*** Dataset content ***
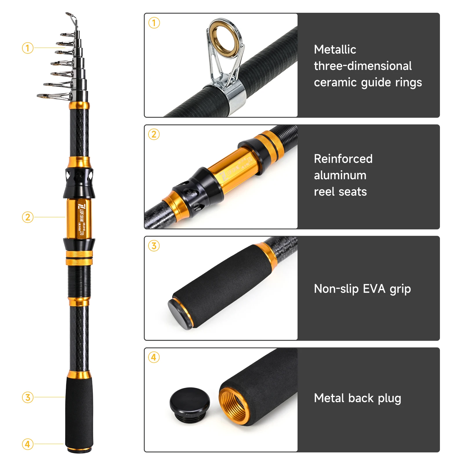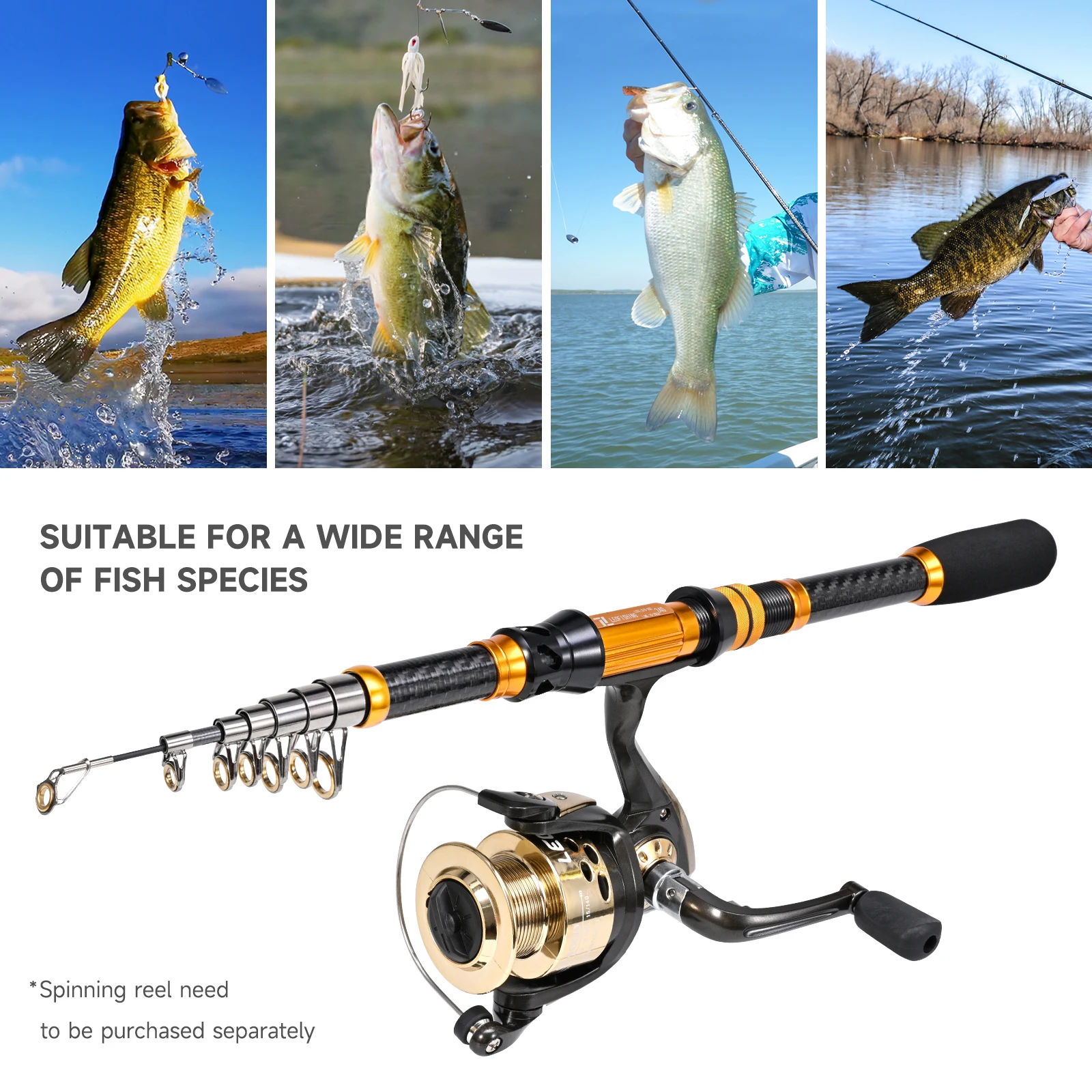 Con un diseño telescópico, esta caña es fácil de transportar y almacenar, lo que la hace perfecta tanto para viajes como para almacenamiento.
*** End of Dataset content ***
*** Dataset content ***
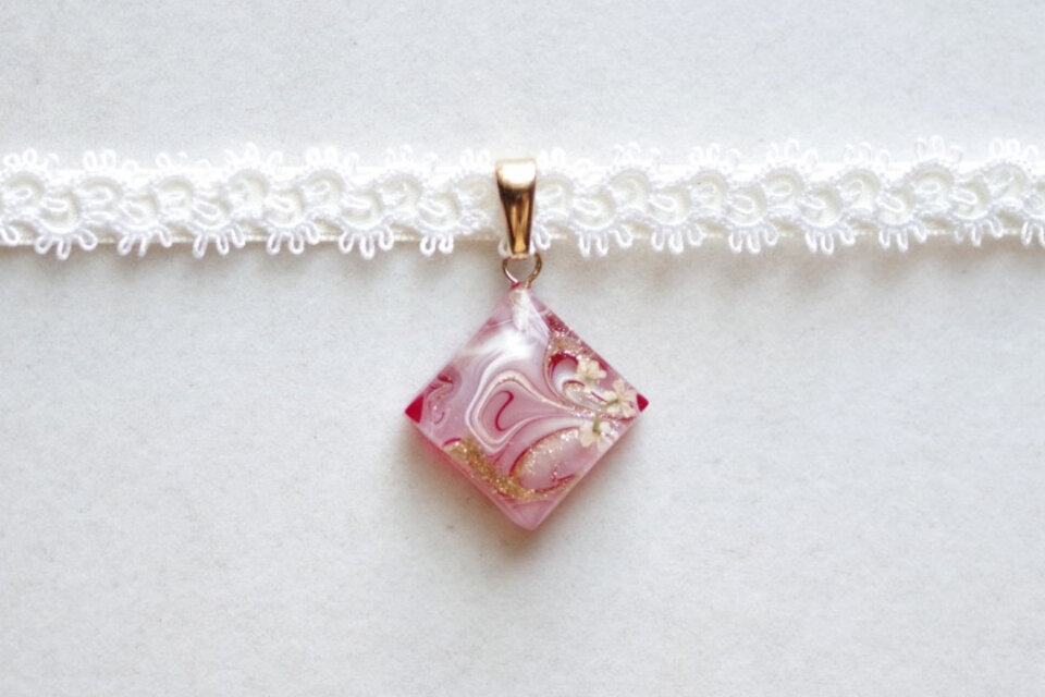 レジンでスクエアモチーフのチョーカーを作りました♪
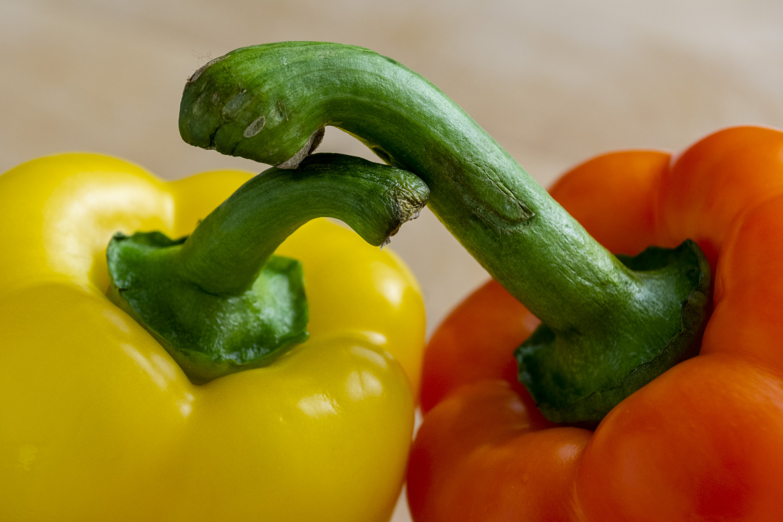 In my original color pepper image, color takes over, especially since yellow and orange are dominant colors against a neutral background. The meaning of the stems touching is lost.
*** End of Dataset content ***
*** Dataset content ***
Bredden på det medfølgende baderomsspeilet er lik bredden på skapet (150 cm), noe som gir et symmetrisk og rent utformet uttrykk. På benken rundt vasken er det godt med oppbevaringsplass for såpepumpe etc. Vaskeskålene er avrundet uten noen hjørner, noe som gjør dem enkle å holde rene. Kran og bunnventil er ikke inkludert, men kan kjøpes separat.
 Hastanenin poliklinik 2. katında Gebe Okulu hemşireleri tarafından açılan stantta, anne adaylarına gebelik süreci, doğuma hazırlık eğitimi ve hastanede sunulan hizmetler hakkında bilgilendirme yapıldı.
*** End of Dataset content ***
**Task requirements**
Go back to the listing above. Copy word for word the lines from the one with "Bredden på det" through the one with "Hastanenin poliklinik 2.", and nothing more.

**Your solution**
Bredden på det medfølgende baderomsspeilet er lik bredden på skapet (150 cm), noe som gir et symmetrisk og rent utformet uttrykk. På benken rundt vasken er det godt med oppbevaringsplass for såpepumpe etc. Vaskeskålene er avrundet uten noen hjørner, noe som gjør dem enkle å holde rene. Kran og bunnventil er ikke inkludert, men kan kjøpes separat.
 Hastanenin poliklinik 2. katında Gebe Okulu hemşireleri tarafından açılan stantta, anne adaylarına gebelik süreci, doğuma hazırlık eğitimi ve hastanede sunulan hizmetler hakkında bilgilendirme yapıldı.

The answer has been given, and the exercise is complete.